Goal: Implement action server and client in C++.
Tutorial level: Intermediate
Time: 15 minutes
content
background
Actions are a form of asynchronous communication in ROS. The action client sends a target request to the action server . The action server sends target feedback and results to the action client .
prerequisites
You will need the package and interface defined in the previous tutorial's create action .action_tutorials_interfaces
Fibonacci.action
Task
1 Create action_tutorials_cpp package
As we saw in the Create your first ROS 2 package tutorial, we need to create a new package to hold our C++ and supporting code.
1.1 Create action_tutorials_cpp package
Go into the operations workspace you created in the previous tutorial (remember to provide a source for the workspace) and create a new package for the C++ operations server:
cd ~/action_ws/src ros2 pkg create --dependencies action_tutorials_interfaces rclcpp rclcpp_action rclcpp_components -- action_tutorials_cpp
1.2 Add visibility control
In order for the package to compile and work on Windows, we need to add some "visibility controls". Details on why this is required can be found here .

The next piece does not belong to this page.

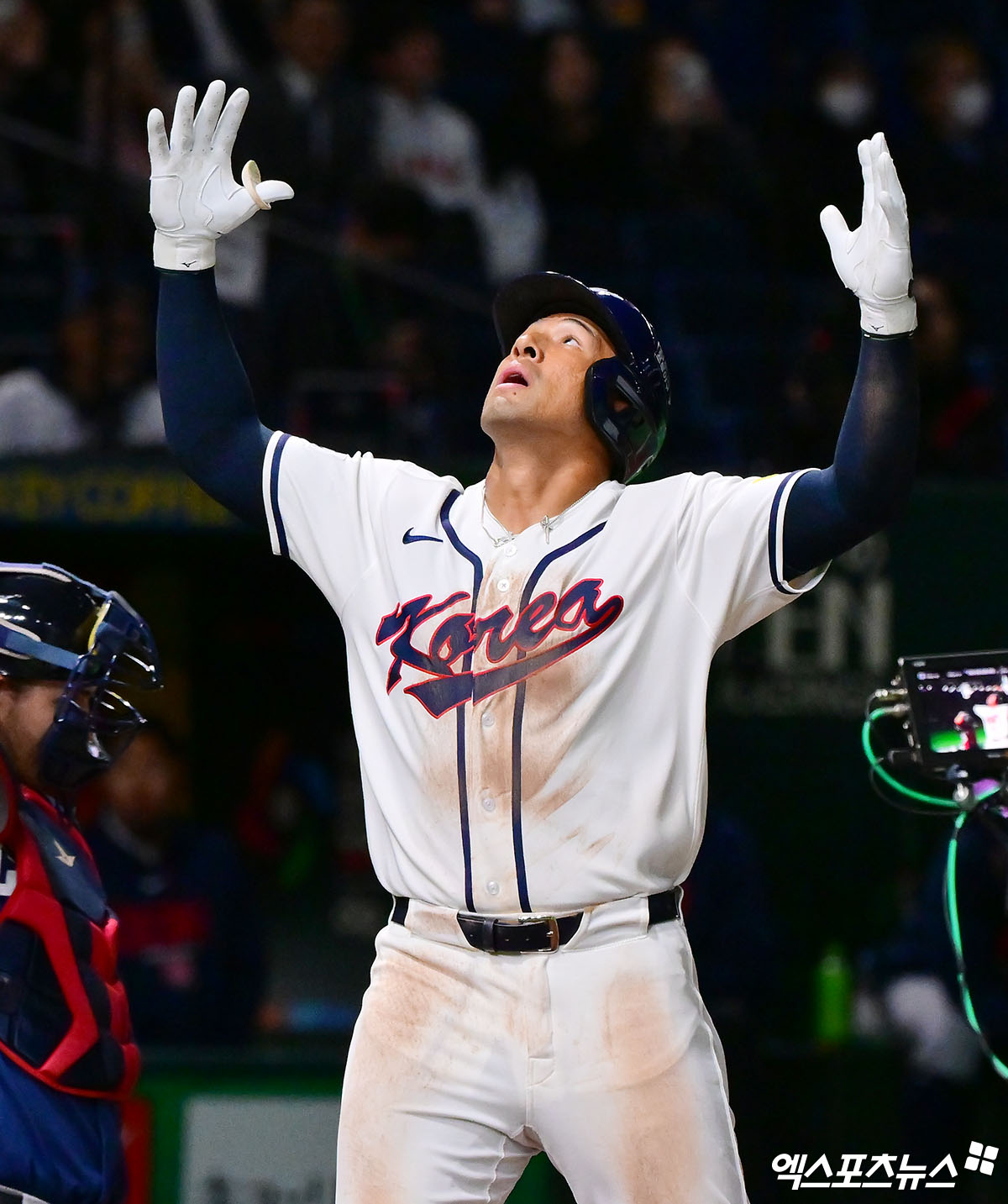 (엑스포츠뉴스 도쿄(일본), 김한준 기자) 5일 오후 일본 도쿄돔에서 열린 2026 월드베이스볼클래식(WBC) C조 체코와 한국의 경기, 8회말 2사 한국 존스가 솔로 홈런을 날린 후 기뻐하고 있다.

Open it action_tutorials_cpp/include/action_tutorials_cpp/visibility_control.h
and put the following code:
#ifndef ACTION_TUTORIALS_CPP__VISIBILITY_CONTROL_H_
#define ACTION_TUTORIALS_CPP__VISIBILITY_CONTROL_H_
#ifdef __cplusplus
extern "C"
{
#endif
// This logic was borrowed (then namespaced) from the examples on the gcc wiki:
// https://gcc.gnu.org/wiki/Visibility
#if defined _WIN32 || defined __CYGWIN__
#ifdef __GNUC__
#define ACTION_TUTORIALS_CPP_EXPORT __attribute__ ((dllexport))

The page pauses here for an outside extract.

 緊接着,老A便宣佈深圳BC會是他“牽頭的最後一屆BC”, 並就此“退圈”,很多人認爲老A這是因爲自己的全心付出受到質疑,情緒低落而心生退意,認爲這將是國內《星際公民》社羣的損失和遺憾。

#define ACTION_TUTORIALS_CPP_IMPORT __attribute__ ((dllimport))
#else
#define ACTION_TUTORIALS_CPP_EXPORT __declspec(dllexport)
#define ACTION_TUTORIALS_CPP_IMPORT __declspec(dllimport)
#endif
#ifdef ACTION_TUTORIALS_CPP_BUILDING_DLL
#define ACTION_TUTORIALS_CPP_PUBLIC ACTION_TUTORIALS_CPP_EXPORT
#else
#define ACTION_TUTORIALS_CPP_PUBLIC ACTION_TUTORIALS_CPP_IMPORT
#endif
#define ACTION_TUTORIALS_CPP_PUBLIC_TYPE ACTION_TUTORIALS_CPP_PUBLIC
#define ACTION_TUTORIALS_CPP_LOCAL
#else
#define ACTION_TUTORIALS_CPP_EXPORT __attribute__ ((visibility("default")))
#define ACTION_TUTORIALS_CPP_IMPORT
#if __GNUC__ >= 4
#define ACTION_TUTORIALS_CPP_PUBLIC __attribute__ ((visibility("default")))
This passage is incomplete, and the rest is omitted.